Everyone needs healthcare, some more than others, due to chronic or long term illnesses…but are we in a healthcare crisis? Is there a lack of ‘good’ doctors in the field, or is it something we think is true? After doing some research and literally asking some of my own doctors this question, I’d say…yes, there are plenty of problems in our system. However, how it all began is somewhat vague to me; though I have my own opinion.

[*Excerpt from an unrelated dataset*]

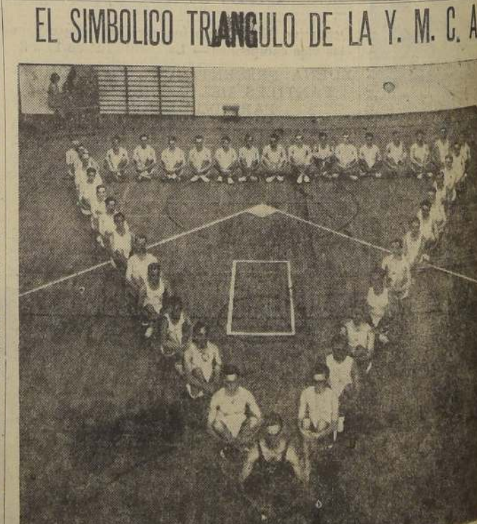
Después de una fuerte clase de gimnasia, donde el corazón ha acelerado su ritmo y los músculos robustos, de estos muchachos, hubo entrada en calor, forman los entusiastas y alegría el simbólico triángulo de la Y. M. C. A., a fin de demostrar que la Asociación lucha por la purificación del Alma, de la Mente y del Cuerpo.

You might be surprised to know that Primary Physicians as well as Family Practitioners are now facing a shortage in the U.S. and the numbers are staggering. The Association of American Medical Colleges (AAMC) predicts the shortage to be as many as 122,000 physicians by 2032. The numbers are divided, projecting shortages to be shared between primary doctors (21,100-55,200) and specialty docs (24,800-65,800). I’ve already felt the crunch when it comes to doctors, because it takes months to get in for specialty physician. A scheduled endoscopy was done in June and the follow-up appointment was scheduled for October! I was in disbelief, but according to the doctors’ receptionist, that’s how far ‘established’ patients are being booked out; it’s sheer craziness.

The growing and aging population is driving up the demand for physicians, and those doctors we’ve had for most of our lives…are seeking retirement soon; some have even taken earlier retirements, due to the changes in our healthcare systems. The quality of care is also suffering. I just read that doctors have an average of 8 minutes to meet, greet and diagnose their patients, which we all know is merely impossible. I’ve been told by a doctor that I’m a complicated patient, which is valid. Having many specialty doctors, I feel I can tell the good from the ‘not’ so good physicians. What’s most difficult is to find is one that cares enough about their patients to not give up on them; meaning they’re willing to take on the challenge of diagnosing the issue. If it’s not in their ‘wheelhouse’ so-to-speak, then they just send you to the next one.

Another problem in the healthcare field…Communication. Years ago, physicians actually spoke with one another about their patients, but then computers became the way instead of paper charts. So, while some were excited about this progress, others not so much. Physicians had to learn computers, while trying to concentrate on their patients. Recently in one of my office visits they were upgrading their computer systems and my doctor (close to retirement) expressed a lot of frustration with the computer, while others had eagerly accepted it. Also, the electronic chart is how they communicate with colleagues in what they call a ‘Smart Chart.’ It’s an electronic health record chart, and is readily used by all physicians, no matter where services were provided.

Part of the declining health field (as far as cost) is in the Emergency Rooms. Not the ER itself, but those who abuse it, are costing Americans everywhere. I’ve been in the ER with a real illness, but I see people that shouldn’t be there (someone with a cold); and then bring 5 family members that want to hang out for television viewing or meals; seriously? Now hospitals have to put up signs, “Please, Only 1 Person Allowed” or something similar. Is our healthcare changing today? You bet it is, and it’s not going in a good direction. You can find other statistics at the AAMC website aamc.org

One last mention…a blog by a physician that truly cares and shares excellent articles (Kevin MD)….and remember, we must all be our own advocates for better health.